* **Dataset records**
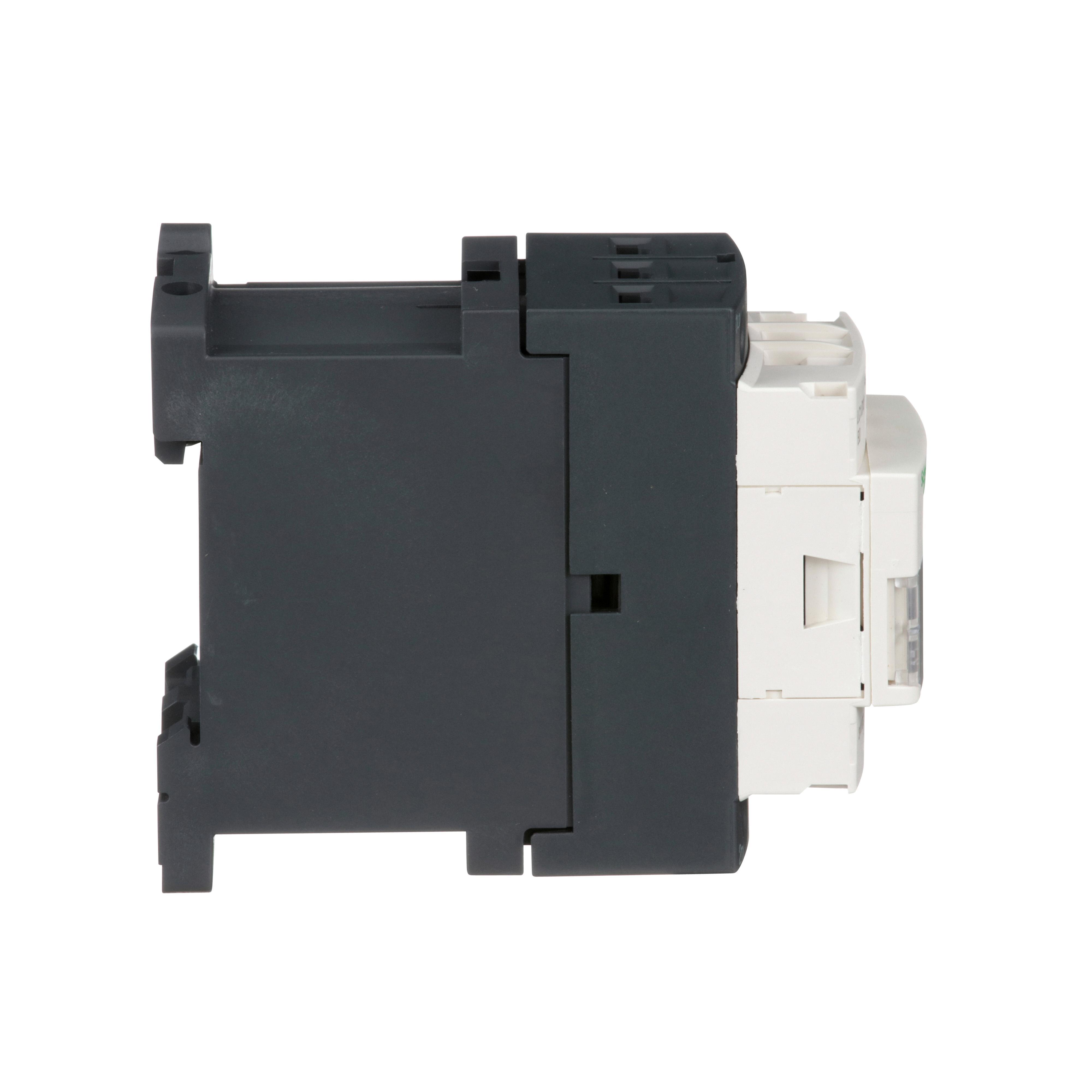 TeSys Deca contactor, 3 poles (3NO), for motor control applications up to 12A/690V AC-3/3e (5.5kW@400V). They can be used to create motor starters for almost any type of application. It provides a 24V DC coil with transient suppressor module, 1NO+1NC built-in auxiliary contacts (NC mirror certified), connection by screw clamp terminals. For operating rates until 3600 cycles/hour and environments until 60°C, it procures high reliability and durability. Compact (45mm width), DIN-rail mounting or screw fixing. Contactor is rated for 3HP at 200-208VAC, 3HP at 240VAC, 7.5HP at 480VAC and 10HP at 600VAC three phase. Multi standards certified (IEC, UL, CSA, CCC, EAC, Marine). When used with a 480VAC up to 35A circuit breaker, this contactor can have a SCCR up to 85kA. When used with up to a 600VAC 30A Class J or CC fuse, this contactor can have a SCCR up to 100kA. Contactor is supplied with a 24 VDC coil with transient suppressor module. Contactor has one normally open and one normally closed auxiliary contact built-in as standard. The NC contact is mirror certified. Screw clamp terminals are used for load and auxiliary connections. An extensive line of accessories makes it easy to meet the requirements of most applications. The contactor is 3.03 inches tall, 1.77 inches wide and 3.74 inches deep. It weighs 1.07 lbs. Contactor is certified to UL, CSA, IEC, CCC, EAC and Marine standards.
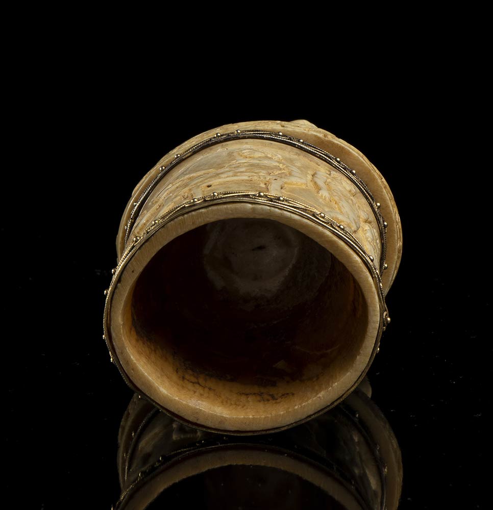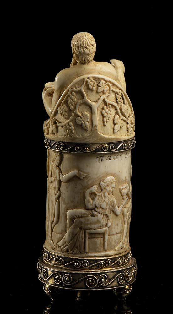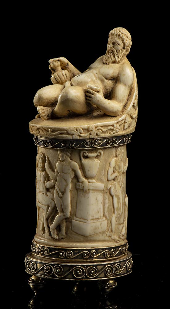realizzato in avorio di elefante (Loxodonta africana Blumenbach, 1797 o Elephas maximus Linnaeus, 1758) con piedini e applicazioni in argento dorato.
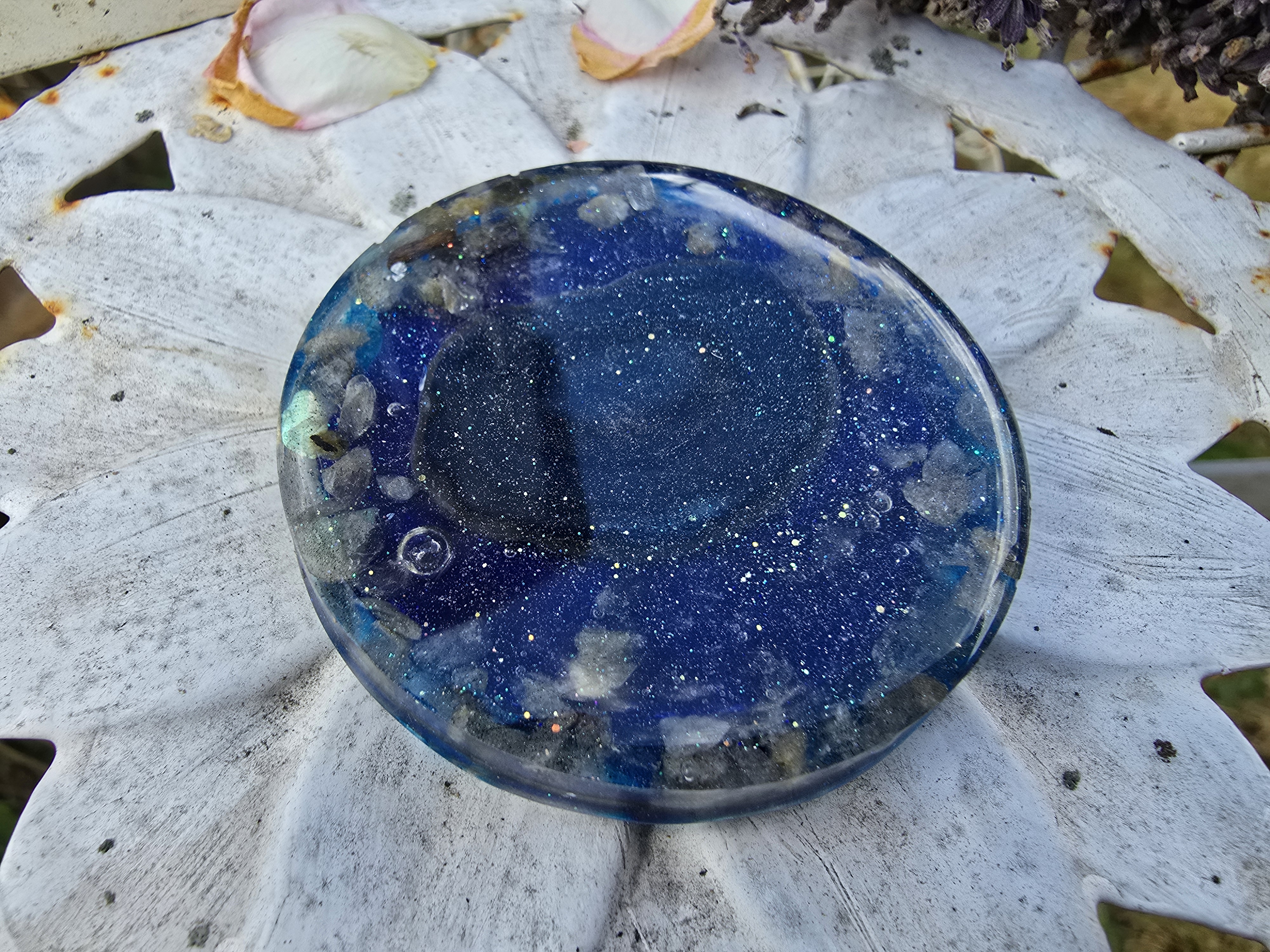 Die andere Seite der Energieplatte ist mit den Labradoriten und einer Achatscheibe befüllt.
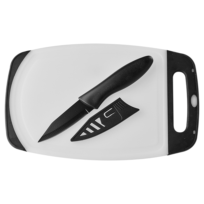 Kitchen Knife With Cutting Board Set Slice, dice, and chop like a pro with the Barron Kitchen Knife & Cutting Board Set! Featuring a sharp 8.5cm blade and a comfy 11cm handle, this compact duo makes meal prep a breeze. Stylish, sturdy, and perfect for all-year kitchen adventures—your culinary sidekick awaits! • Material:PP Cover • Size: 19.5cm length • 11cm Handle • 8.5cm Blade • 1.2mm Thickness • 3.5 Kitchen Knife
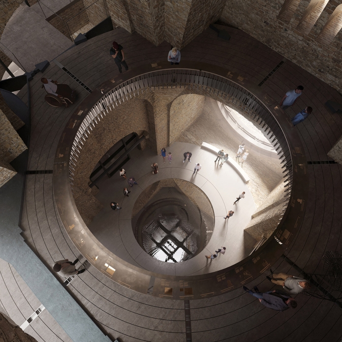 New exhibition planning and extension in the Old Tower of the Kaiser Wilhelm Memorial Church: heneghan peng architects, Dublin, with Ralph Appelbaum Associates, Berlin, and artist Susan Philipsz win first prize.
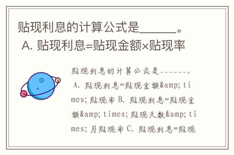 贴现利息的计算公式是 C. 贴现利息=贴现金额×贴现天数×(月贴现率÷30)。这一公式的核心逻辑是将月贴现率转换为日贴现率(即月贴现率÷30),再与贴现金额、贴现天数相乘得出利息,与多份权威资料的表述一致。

* **Problem requirements**
Restate each line above exactly, keeping pictures out.

* **Output below**
 TeSys Deca contactor, 3 poles (3NO), for motor control applications up to 12A/690V AC-3/3e (5.5kW@400V). They can be used to create motor starters for almost any type of application. It provides a 24V DC coil with transient suppressor module, 1NO+1NC built-in auxiliary contacts (NC mirror certified), connection by screw clamp terminals. For operating rates until 3600 cycles/hour and environments until 60°C, it procures high reliability and durability. Compact (45mm width), DIN-rail mounting or screw fixing. Contactor is rated for 3HP at 200-208VAC, 3HP at 240VAC, 7.5HP at 480VAC and 10HP at 600VAC three phase. Multi standards certified (IEC, UL, CSA, CCC, EAC, Marine). When used with a 480VAC up to 35A circuit breaker, this contactor can have a SCCR up to 85kA. When used with up to a 600VAC 30A Class J or CC fuse, this contactor can have a SCCR up to 100kA. Contactor is supplied with a 24 VDC coil with transient suppressor module. Contactor has one normally open and one normally closed auxiliary contact built-in as standard. The NC contact is mirror certified. Screw clamp terminals are used for load and auxiliary connections. An extensive line of accessories makes it easy to meet the requirements of most applications. The contactor is 3.03 inches tall, 1.77 inches wide and 3.74 inches deep. It weighs 1.07 lbs. Contactor is certified to UL, CSA, IEC, CCC, EAC and Marine standards.
realizzato in avorio di elefante (Loxodonta africana Blumenbach, 1797 o Elephas maximus Linnaeus, 1758) con piedini e applicazioni in argento dorato.
 Die andere Seite der Energieplatte ist mit den Labradoriten und einer Achatscheibe befüllt.
 Kitchen Knife With Cutting Board Set Slice, dice, and chop like a pro with the Barron Kitchen Knife & Cutting Board Set! Featuring a sharp 8.5cm blade and a comfy 11cm handle, this compact duo makes meal prep a breeze. Stylish, sturdy, and perfect for all-year kitchen adventures—your culinary sidekick awaits! • Material:PP Cover • Size: 19.5cm length • 11cm Handle • 8.5cm Blade • 1.2mm Thickness • 3.5 Kitchen Knife
 New exhibition planning and extension in the Old Tower of the Kaiser Wilhelm Memorial Church: heneghan peng architects, Dublin, with Ralph Appelbaum Associates, Berlin, and artist Susan Philipsz win first prize.
 贴现利息的计算公式是 C. 贴现利息=贴现金额×贴现天数×(月贴现率÷30)。这一公式的核心逻辑是将月贴现率转换为日贴现率(即月贴现率÷30),再与贴现金额、贴现天数相乘得出利息,与多份权威资料的表述一致。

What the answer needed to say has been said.